A General History and Collection of Voyages and Travels, Volume 16 eBook

Robert Kerr (writer)
This eBook from the Gutenberg Project consists of approximately 768 pages of information about A General History and Collection of Voyages and Travels, Volume 16.

A General History and Collection of Voyages and Travels, Volume 16 eBook

Robert Kerr (writer)
This eBook from the Gutenberg Project consists of approximately 768 pages of information about A General History and Collection of Voyages and Travels, Volume 16.

In the afternoon, I went ashore, and walked a little into the country, which, where there was no wood, was covered with heath and other plants, some of which produce berries in abundance.  All the berries were ripe, the hurtle-berries too much so, and hardly a single plant was in flower.  The underwood, such as birch, willows, and alders, rendered it very troublesome walking amongst the trees, which were all spruce, and none of them above six or eight inches in diameter.  But we found some lying upon the beach more than twice this size.  All the drift-wood in these northern parts was fir.  I saw not a stick of any other sort.
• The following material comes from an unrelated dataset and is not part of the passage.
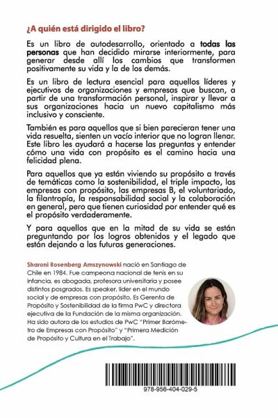 ¿Sientes que tienes el poder y deber de cambiar el mundo? ¿Anhelas generar un impacto positivo en la sociedad a través de tu trabajo, familia, o vida espiritual? ¿o sientes que pese a tenerlo todo en la vida -salud, éxito profesional, familia y dinero- aún hay un vacío que te impide alcanzar la plenitud? ¿Buscas inspirar y llevar a tu empresa por el camino del propósito? ¿Estás pensando en cuál será tu legado? ¿Sientes que ha llegado el momento de comenzar a vivir con mayor pasión, sentido, trascendencia y motivación? Este libro, inspirador y tremendamente humano, de una manera sencilla y práctica, te ayudará a identificar y encontrar tu camino al propósito, por medio del autoconocimiento y la reflexión, con el fin de descubrir cuál es tu lugar en el mundo, y cómo alcanzar una vida plenamente feliz. Existen distintos libros que hablan de la temática del propósito, pero siempre como parte de otro concepto como la confianza, la motivación, el sentido o la pasión.También existen filosofías como el Golden Circle de Simon Sinek o el Ikigai japonés que son excelentes herramientas pero que no terminan de explicar completamente lo que es el propósito, A esto se suma que las respuestas no se encuentran enteramente en una disciplina en particular como la psicología positiva, sociología, antropología, filosofía, teología o neurociencia, sino parcialmente en todas ellas. Todo lo anterior llevó a la autora a desarrollar su propia filosofía de vida y metodología. La bautizó como "telos" y permite ir adentrándose en el mundo del propósito desde su riqueza y complejidad. Para ello, rompe algunos paradigmas y prejuicios actuales para después desarrollar, lo que para ella son los cuatro elementos esenciales del telos: la autenticidad, la pasión, el sentido de la vida y la trascendencia. La autora busca demostrar con ciencia y evidencia que con la presencia de estos cuatros elementos, las personas experimentamos una transformación en nuestros valores, desatamos un potencial inimaginable y logramos descubrir la verdadera felicidad. Sharoni Rosenberg es autora de diversos estudios y conferencista de temas relacionados con el propósito. Se ha convertido en una especialista en la materia, es directora y asesora de distintas fundaciones y muy activa en el ecosistema de Empresas B en Sudamérica y profesora universitaria de impacto social. Ha sido autora de los estudios de PwC "Primer Barómetro de Empresas con Propósito" y "Primera Medición de Propósito y Cultura en el Trabajo", es profesora universitaria y además ha sido reconocida como una de las "100 Jóvenes Líderes" de Chile.

Next day, a family of the natives came near to the place where we were taking off wood.  I know not how many there were at first; but I saw only the husband, the wife, and their child; and a fourth person who bore the human shape, and that was all; for he was the most deformed cripple I had ever seen or heard of.  The other man was almost blind; and neither he nor his wife were such good-looking people as we had sometimes seen amongst the natives of this coast.  The under-lips of both were bored; and they had in their possession some such glass-beads as I had met with before amongst their neighbours.  But iron was their beloved article.  For four knives, which we had made out of an old iron hoop, I got from them near four hundred pounds weight of fish, which they had caught on this or the preceding day.  Some were trout, and the rest were, in size and taste, somewhat between a mullet and a herring.  I gave the child, who was a girl, a few beads; on which the mother burst into tears, then the father, then the cripple, and at last, to complete the concert, the girl herself.  But this music continued not long.[4] Before night, we had got the ships, amply supplied with wood; and had carried on board about twelve tons of water to each.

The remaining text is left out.